Separate to this action, WhatsApp initiated judicial review proceedings against the DPC, Ireland and the Attorney General seeking an order to quash the decision to fine the company and an order that certain provisions of the Data Protection Act, 2018 are invalid and unconstitutional and incompatible with ECHR. The High Court granted WhatsApp leave to bring the challenge on 8th November 2021, with the judge adjourning the matter to a date in December.

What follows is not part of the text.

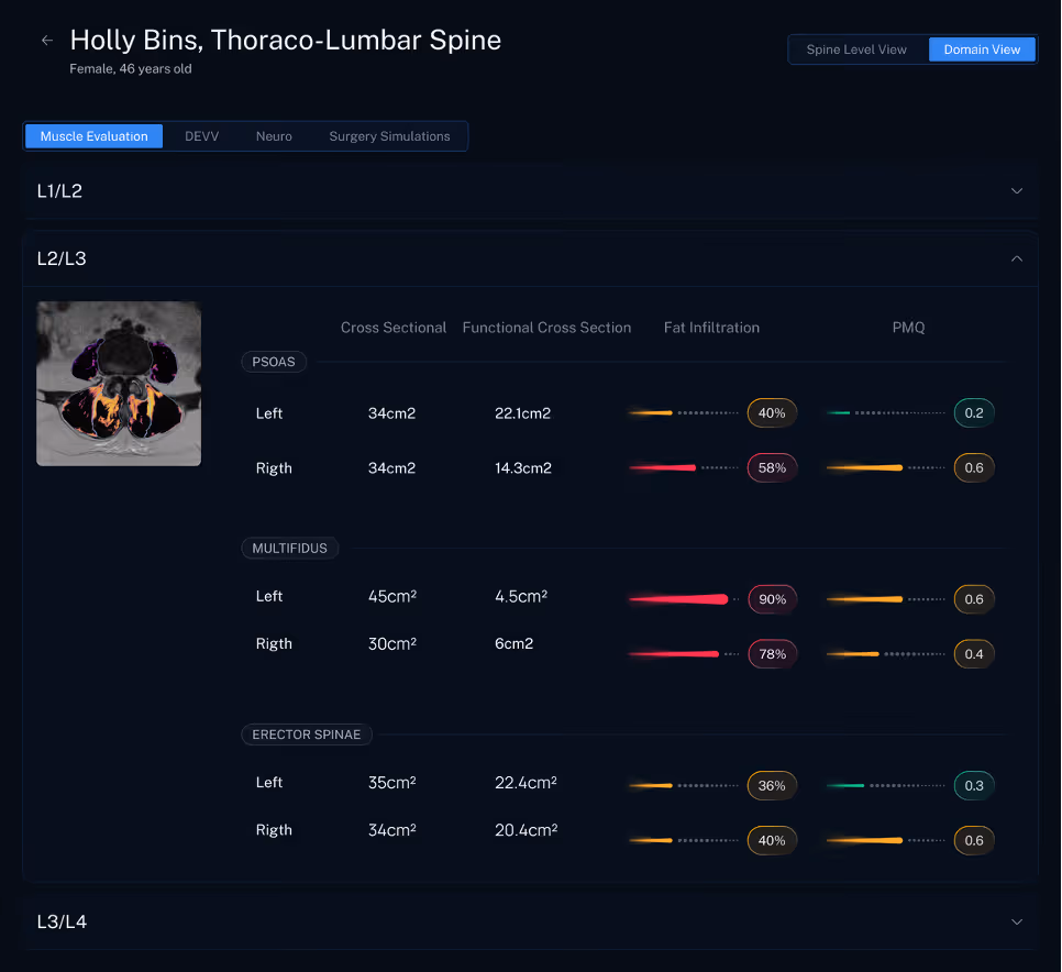 QIBs do not replace surgical judgment. They make surgical judgment more specific. They help surgeons move beyond broad labels and see the actual biology of the operative level. Muscle quality can support tissue preserving approaches. Disc and endplate biomarkers can sharpen the choice between decompression alone and stabilization. Bone quality can inform implant strategy. Neuro and facet metrics can highlight when compression is part of a larger instability problem. That is the real value of the Tissue Typing module. It turns the preoperativeMRI into a more useful map for choosing the right technique, the right modality, and the right approach for the patient in front of you.
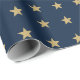 Papel De Presente Padrão Dourado de estrelas no Marinho azul

We await further developments in 2022.
7. DPC Launches TikTok Investigation
On 14th September 2021, the DPC commenced two own-volition inquiries in relation to TikTok’s compliance with requirements of the GDPR. The first inquiry will examine TikTok’s compliance with the GDPR’s data protection by design and default requirements as they relate to the processing of personal data in the context of platform settings for users under 18 and age verification measures for persons under 13. This inquiry will also examine whether TikTok has complied with the GDPR’s transparency obligations in the context of the processing of personal data of users under 18. The second inquiry will focus on transfers by TikTok of personal data to China and TikTok’s compliance with the GDPR’s requirements for transfers of personal data to third countries.
We expect to see further progress being made in 2022.
8. Instagram Inquiry
In September 2020, the DPC commenced an inquiry in relation to the processing of personal data of children by Instagram. On 3rd December 2021, the DPC submitted a draft decision under Article 60 GDPR to other Concerned Supervisory Authorities (CSAs) across the EU.
Inquiry Number 1 focused on Facebook’s reliance on certain legal bases for the processing of children’s personal data and its compliance with transparency requirements in its provision of Instagram to children. Inquiry Number 2 focused on Instagram profile and account settings and the appropriateness of these settings for children. In particular, the inquiry considers Facebook’s adherence with its data protection by design and default obligations under the GDPR in relation to Facebook’s responsibility to protect the data protection rights of children as vulnerable persons.
The CSAs have one month to send their ‘reasoned and relevant objections’ to the DPC. If the CSAs have no objection to the draft decision, then the draft decision will be binding. However, if the CSAs object, and the DPC intends to follow the relevant and reasoned objections made, a revised draft decision will be submitted to the other CSAs for their opinion. If it is the case that the other CSAs have dissenting views on the draft decision which cannot be reconciled, as was the case in the WhatsApp inquiry, then the decision moves to the European Data Protection Board (EDPB) for binding dispute resolution under the Article 65 process.
We await the views of the other CSAs in early January 2022 to determine what the next steps will be.